An appeals court this week denied American Express' motion to wait until the end of its appeal before amending merchant provisions deemed unlawful. Instead, a previously issued court order to alter those agreements will go into effect next month, freeing merchants to steer customers from Amex to preferred forms of payment.
"We are disappointed the request for a stay was denied," Amex wrote in a statement to The Beat. "We will move forward to modify the Non-Discrimination Provisions in our merchant contracts, per the trial court's remedy. We expect that the trial court's order will become effective on July 20."
It's a moment Southwest Airlines has been waiting for. The airline, which prides itself on low costs, is among dozens of merchants that has backed the yet-to-be launched mobile payment platform and would-be Apple Pay competitor, CurrentC.
Additionally, once free of Amex's merchant agreements, Southwest "can offer Rapid Rewards frequent flier points to encourage customers to use lower cost forms of payment," according a filing this month that urged the appeals court to lift Amex's stay.
Southwest in a filing talked up its participation in the Merchant Customer Exchange, or MCX, a collective of merchants established in 2012 to develop a mobile wallet solution.
The now-live Apple Pay has generated plenty of buzz, even intriguing some in the corporate travel space, but CurrentC continues to operate in invite-only beta mode and its corporate travel implications are less clear. The company has targeted 2015 for a national rollout but did not immediately reply on its status.
"CurrentC competes with other mobile payment systems like Apple Pay that are supported by Amex and the other major credit card networks (and that have not committed to lowering costs or allowing merchant steering)," noted the court filing by Southwest, which declined an interview to discuss its plans to promote CurrentC or other steering plans.

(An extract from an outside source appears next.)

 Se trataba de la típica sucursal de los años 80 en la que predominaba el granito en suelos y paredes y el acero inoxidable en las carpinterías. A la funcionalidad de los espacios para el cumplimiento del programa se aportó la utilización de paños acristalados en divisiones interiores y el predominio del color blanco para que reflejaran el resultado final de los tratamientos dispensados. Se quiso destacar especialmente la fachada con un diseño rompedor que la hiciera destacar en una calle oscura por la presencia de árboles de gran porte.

While Southwest is the only airline participant in MCX, dozens of major merchants have backed the CurrentC mobile wallet, including 7-Eleven, CVS, Dunkin' Donuts, ExxonMobil, Gap, Rite Aid, Sunoco, Target, Wal-Mart and Wendy's. The app is compatible with Apple and Google mobile devices.

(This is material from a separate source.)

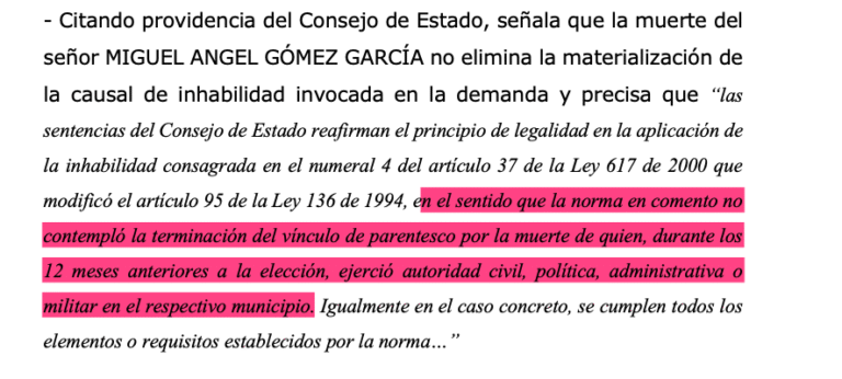 El problema jurídico reside en determinar si la muerte de Gómez padre acaba con el parentesco y, por consiguiente, con la inhabilidad de Gómez hijo. Según el concepto que retoma el demandante del Consejo de Estado, el parentesco no se extingue con la muerte y no se habían cumplido los doce meses anteriores a la elección que deben pasar para que un familiar inscriba una candidatura. La Resolución No 2456 DE 2021 expone que solamente se cumplieron diez meses y trece días desde el deceso de Gómez García hasta el día de las elecciones.

Still, the payment option appears angled at a consumer, not a corporate audience. The "variety of financial accounts" to which CurrentC links include "personal checking accounts, merchant gift cards and select merchant branded credit and debit accounts" but not corporate travel and expense cards. Even so, on its website, the company indicated "plans to add additional forms of payment, including credit cards."
CurrentC bills itself as a merchant-friendly alternative to mobile wallet offerings from Apple or Google. Its noncredit payment options provide cheaper transactions, the QR code-scanning technology "works with most existing point-of-sale and payment terminals" and the app links closely with merchant programs, integrating "coupons, loyalty and payment into one seamless transaction," according to the firm.

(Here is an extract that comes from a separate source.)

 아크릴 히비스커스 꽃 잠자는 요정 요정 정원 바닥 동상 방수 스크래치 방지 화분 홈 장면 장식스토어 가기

Yet, even ahead of its official launch, the tech press has pounced on CurrentC, seizing on a data breach last year; poor app store ratings, presumably from beta users; PayPal's acquisition of its underlying mobile wallet technology; the recent resignation of its CEO; and some founding MCX merchants that have embraced Apple Pay. On its website, CurrentC promises more functionality, but some reviewers and tech writers have said its checkout process, which requires the user to enter a pin and other key strokes, takes longer than an Apple Pay tap-and-go transaction.